この記事では、臍帯のトラブルについて、種類と症状、分娩方法、発生するおそれのある後遺症などについて解説します。

臍帯トラブルとは

臍帯とは「へその緒」のことであり、赤ちゃんと母親をつないで、必要な栄養や酸素などを赤ちゃんに届ける役割を担っています。

赤ちゃんが母親のお腹の中で動けるように、臍帯は細長くなっています。そのため、様々なトラブルが起こってしまうことがあります。

トラブルが起こると、死産になるリスクや、赤ちゃんに後遺症が発生するリスクがあるため、検査で臍帯の状態を十分に確認し、必要な対応をとらなければなりません。

臍帯トラブルの種類|症状と治療法

臍帯には、以下のようなトラブルが起こりやすくなっています。

  • 臍帯脱出
  • 臍帯巻絡
  • 臍帯結節
  • 臍帯付着部異常
  • 臍帯過捻転

臍帯脱出

臍帯脱出とは、出産時に臍帯が赤ちゃんより先に出てしまうことです。臍帯脱出が起きると、臍帯が赤ちゃんと子宮の壁に挟まれ圧迫されるため、臍帯の血流が止まってしまいます。血流が止まると、十分な酸素が届けられず、赤ちゃんが酸素不足になり、障害が残ったり、最悪の場合には亡くなってしまうこともあります。

臍帯脱出の原因としては以下のようなものが挙げられます。

  • 赤ちゃんの身体が逆子や横向きなどになっている
  • 赤ちゃんの頭が小さい
  • 臍帯が長すぎる
  • 多胎妊娠である など

臍帯脱出の診断方法として、出産時に臍帯が先に出てきたことを確認する方法や、心拍数が突然低下したことから予測する方法などがあります。

臍帯脱出がおきてしまうと胎児機能不全となるため、緊急帝王切開による出産へ切り替えられ、速やかな娩出が試みられます。

臍帯巻絡

臍帯巻絡とは、臍帯が赤ちゃんに巻きついてしまう状態です。赤ちゃんへの影響がないことも多いですが、分娩中は臍帯が圧迫されることで、赤ちゃんの心拍数が一過性に低下したり、分娩に時間がかかるといった影響が生じてしまうおそれがあります。
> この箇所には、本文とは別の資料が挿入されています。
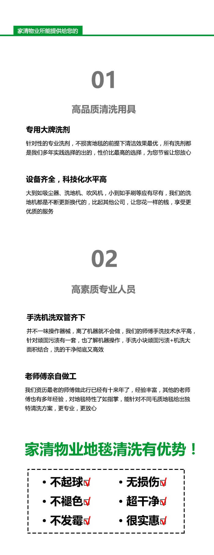 1、家清物業(yè)有專業(yè)地毯清洗團(tuán)隊(duì),地毯清洗技工具有十二年的地毯清洗經(jīng)驗(yàn);
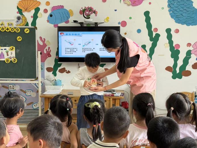 镇妇联以“双护课堂”为抓手,将法律知识、自护技巧融入趣味活动,让孩子们在“学中懂、懂中用”,提升自我保护能力。在钓鱼中心校,学生们集中观看自我保护教学视频。视频课后的“情景问答”互动环节,大家踊跃抢答。孩子们表示:以前不知道这些情形是危险的,现在知道要保护自己了!在海河幼儿园,孩子们围在志愿者身边,认真听“爱牙护牙,‘齿’久健康”主题课。志愿者手持牙齿模型,用“小虫子蛀牙齿”的生动比喻,告诉孩子们“少吃糖、勤刷牙”的重要性。
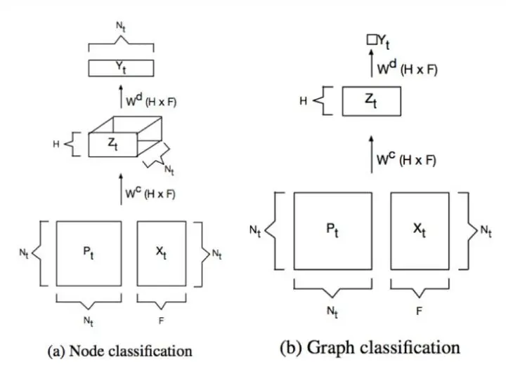DCNNs可以应用于两种任务,一个是节点分类,一个Graph分类, 我们先说节点分类任务。对于节点分类任务,卷积公式为:
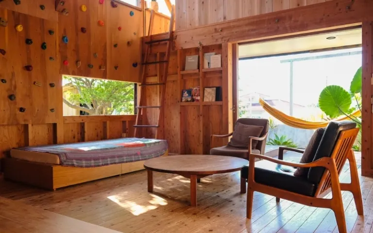 It features a lush garden, a climbing wall, a tea room, a fully-stocked kitchen, and a large open deck where you can relax with a hammock under the sun. Animal lovers are welcome here as well, as the resident cat Chobi likes to keep visitors company every once in a while.
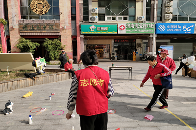 青年志愿者积极配合,耐心地为社区的老人们讲解并演示运动项目,在志愿者的帮助下,老人们感受到了套圈、丢绣球等游戏的无限乐趣,大家相互鼓励,交流经验,玩出了“年轻态”和“精气神”,仿若找回了童年时代的美好时光。旁观者有给参赛者加油打气的,有传授自己心得的,有为参赛者鼓掌助威的……这一刻,他们尽情享受着游戏的快乐。赛场上笑声不断,掌声迭起,全场充满了热烈、欢乐、祥和的气氛。
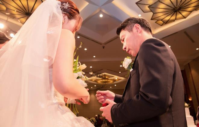 Công Lý trao nhẫn cưới cho cô dâu Ngọc Hà.
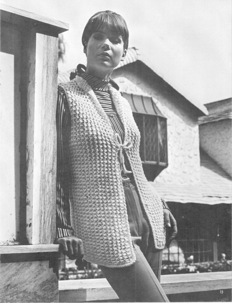 | Cast on 64 sts. knit 1 row, purl 1 row, increasing 1 st. each side every 4th row 4 times. Work to underarm 7 inches. Bind off 4 sts. each side, then K2 tog. each side every other row 4 times. Work even until armhole measures 8 inches. Bind off 9 sts. at the beginning of each row twice each side. Bind off. | |
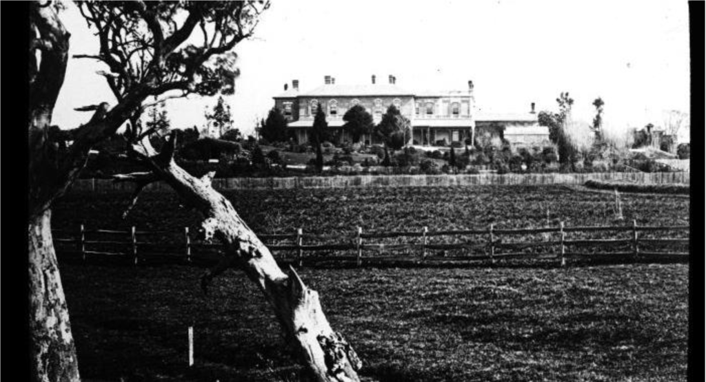 Frederick Augustus Rucker who went bankrupt and sold 120 acres to Theodotus John Sumner in 1852. Sumner died in 1884 and the original residence burnt down in 1885. It was rebuilt by his son-in-law James Grice in a ‘British Italianate’ style which ‘rose from the ground with extravagant gusto’ (36). Casey imagined that for her mother the new Stony Park must have been ‘a distorted echo of the earlier house where her childhood had been spent’ (33). Described as having as 22 rooms, balcony, tiled entrance hall, vestabuille with parquetry floor, polished cedar staircase and all conveniences.
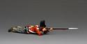 Lying on the ground in front of the ranks of his kneeling and standing comrades this ‘Tommy Atkins’ takes careful aim.
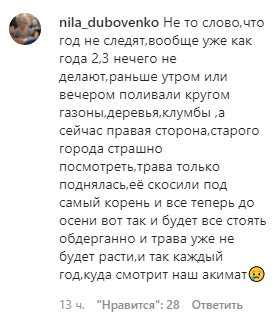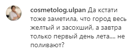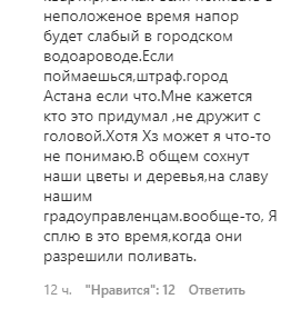 "Засуха в Казахстане? Идёшь по городу, оглядываешься вокруг, и через каждые несколько шагов вот такая картина. Год сухой, осадков практически нет, но мы же живём в век технологий, неужели мы сами не можем полить траву хотя бы? Если каждый будет следить за территорией возле своего дома, магазина, то у нас везде будет порядок. КСК ещё как-то пытаются бороться с этим, бабушки у подъезда тоже выращивают цветочки, поливают там что-то, А почему предприниматели не берут на себя такую ответственность? Неужели так сложно поухаживать за травкой возле магазина? Кроме того что это полезно, так это ещё и очень красиво! Наш акимат часто обязывает магазины к чему-то, так почему бы не обязать следить за зеленью? Деревья, трава.. Нам обязательно нужно следить за этим, потому что мы живём среди степей, и нам очень не хватает зелени", — написали в группе под фотографией высушенного газона.
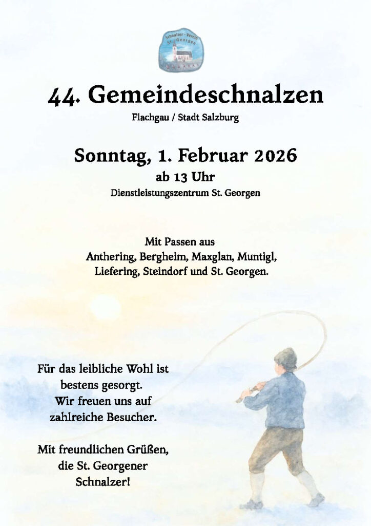 | 16.02.2025 Sonntag | 43. Gemeindeschnalzen im Salzburger Flachgau in Steindorf 13:00 Uhr Beginn des Preisschnalzens anschließend gemütliches Beisammensein und Preisverteilung in der Dorfsinger-Halle in Strasswalchen mit der TMK Strasswalchen Anfahrtsplan Ausrichter: Schnalzergruppe Steindorf |
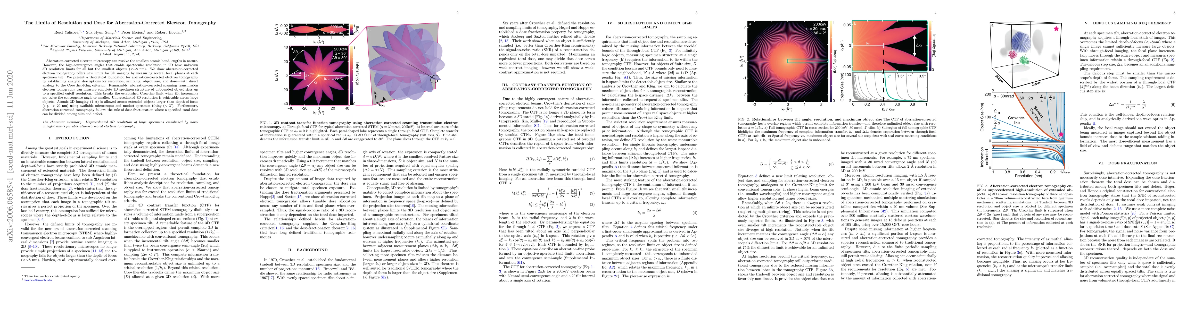 This paper explores the resolution limits and dose requirements for aberration-corrected electron tomography, revealing unprecedented 3D resolution for large objects by overcoming the Crowther limit through advanced tilt techniques. It establishes a theoretical framework for 3D imaging, demonstrating that atomic resolution can be achieved across extended objects using available microscopes.
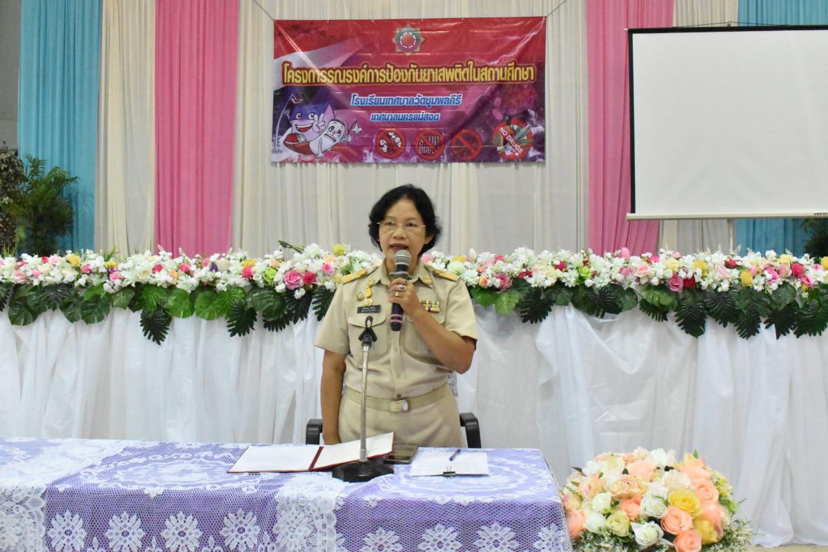 วันที่ 27 มิถุนายน 2565 เวลา 13.00 น. ณ โรงเรียนเทศบาลวัดชุมพลคีรี อำเภอแม่สอด จังหวัดตาก นางอัมรินทร์ จันทระ ผู้อำนวยการสถานศึกษา เป็นประธานในพิธีเปิดการอบรมการจัดกิจกรรมอบรมการป้องกันยาเสพติดในสถานศึกษา และได้รับเกียรติจาก ร.ต.ต.เอกวัสส์ พอกพูนธนนันท์ รอง สว.(จร.) สภ.แม่สอด เป็นวิทยากรให้ความรู้แก่นักเรียนโรงเรียนเทศบาลวัดชุมพลคีรี ชั้นมัธยมศึกษาปีที่ 1-3 เพื่อให้นักเรียนตระหนักถึงพิษภัยของยาเสพติด และเห็นความสำคัญของการต่อต้านยาเสพติด รวมไปถึงโทษภัยของยาเสพติด ได้รับความร่วมมือจากเด็กนักเรียนเป็นอย่างดี
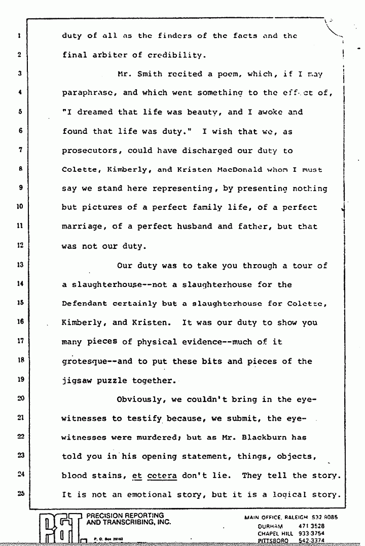 Mr. Smith recited a poem, which, if I may paraphrase, and which went something to the effect of, "I dreamed that life was beauty, and I awoke and found that life was duty." I wish that we, as prosecutors, could have discharged our duty to Colette, Kimberly, and Kristen MacDonald, whom I must say we stand here representing, by presenting nothing but pictures of a perfect family life, of a perfect marriage, of a perfect husband and father, but that was not our duty.
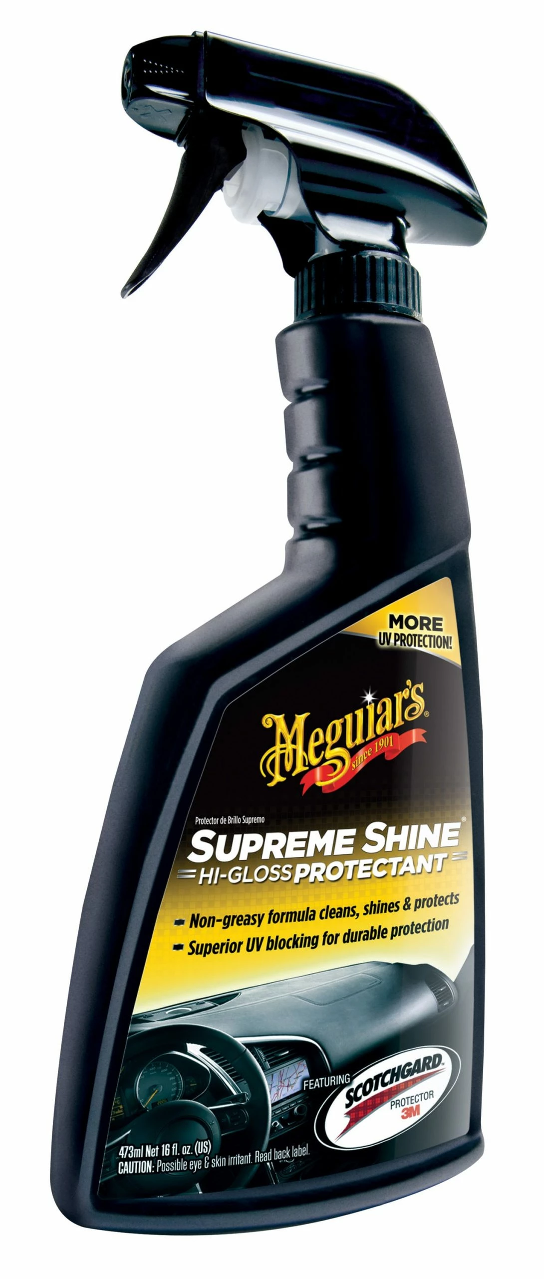 Meguiar’s Supreme Shine Hi-Gloss Protectant offer a superior high shine gloss with superior UV blocking protection to preserve vinyl, rubber and plastic surfaces. This non-greasy formula quickly cleans, shines and protects, defending against fading, cracking and aging in one easy step.
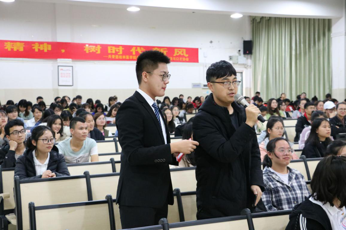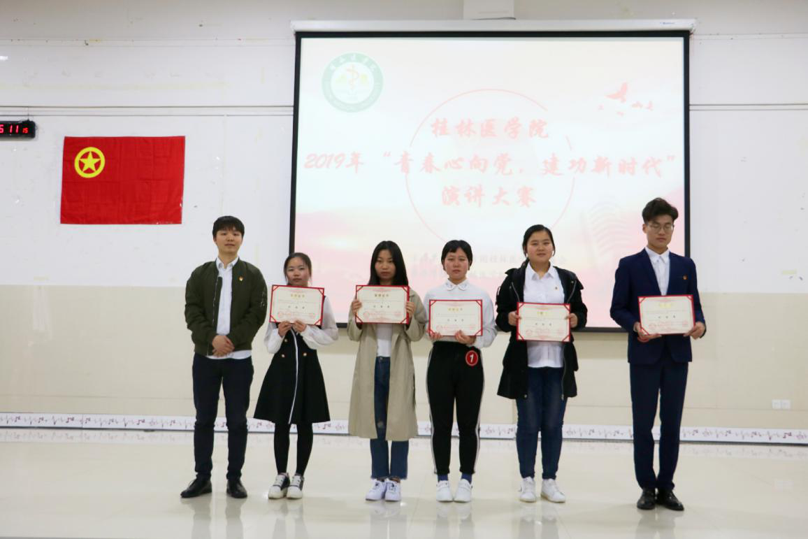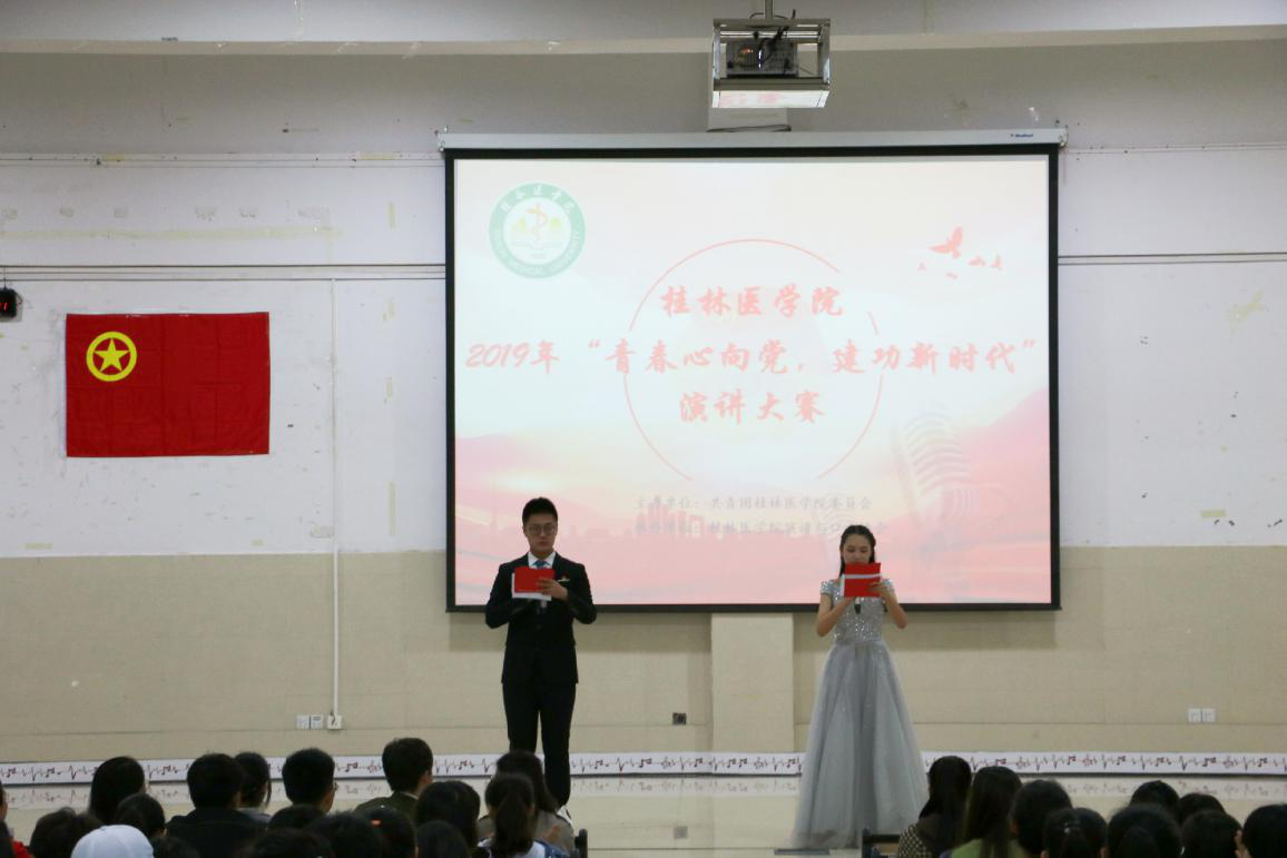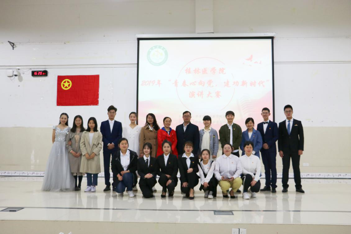 为纪念五四运动100周年,提升当代大学生对五四精神的认识,引导广大青年深入学习贯彻党的十九大精神,坚定广大青年的理想信念,共青团桂林医学院委员会、桂林医学院演讲与口才协会联合桂林航天工业学院、桂林电子科技大学信息科技学院、桂林理工大学博文管理学院、桂林师范高等专科学校,于2019年4月13日14:00在桂林医学院临桂校区教学南楼多功能报告厅举办以“青春心向党,建功新时代”为主题的纪念五四运动100周年演讲大赛决赛。本次大赛的评委为共青团桂林医学院委员会龙亮书记及五所高校的领导及老师代表。
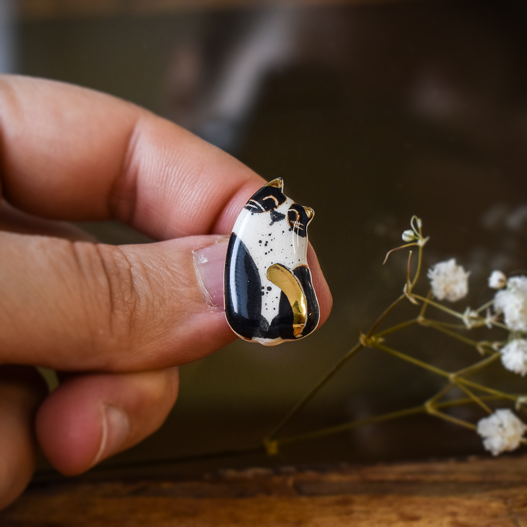 Cum se face: Piesa este întâi modelată manual din lut alb, lăsată să se usuce la aer timp de o zi, apoi șlefuită și arsă pentru prima dată în cuptorul de ceramică la 900 grade. Această primă ardere se numește ardere de biscuit, durează între 16 și 20 de ore și este arderea ce transformă lutul în ceramică. După această primă ardere piesa este pictată, glazurată și trecută printr-o nouă ardere la 1050 grade, care durează încă 20-24 de ore. În acest stadiu, dacă modelul are astfel de detalii, piesa este pictată cu aur și trecută printr-o a treia ardere la 850 grade, care durează 12-14 ore. La finalul acestei arderi piesa este pregătită pentru a îi fi atașate elementele metalice în funcție de destinație: ac de broșă, tortițe pentru cercei etc.

臍帯巻絡の原因は、赤ちゃんの動きが活発であることや、臍帯が長すぎることなどです。妊娠中は臍帯が新たに巻いたり外れたりと変化することもあるため、診断するのは妊娠の末期であり、超音波検査などによって臍帯が巻きついていることを確認します。

分娩時は、胎児心拍数を確認しながら、異常があれば吸引分娩や鉗子分娩、帝王切開等によって娩出させます。

臍帯結節

臍帯結節とは、臍帯に結び目やこぶができている状態です。完全に結び目が出来ている状態を「真結節」、こぶの状態を「偽結節」といいます。問題なく経過することも多いですが、固い結び目の場合には臍帯の血流が止まって心拍数を低下させてしまうなどの影響があります。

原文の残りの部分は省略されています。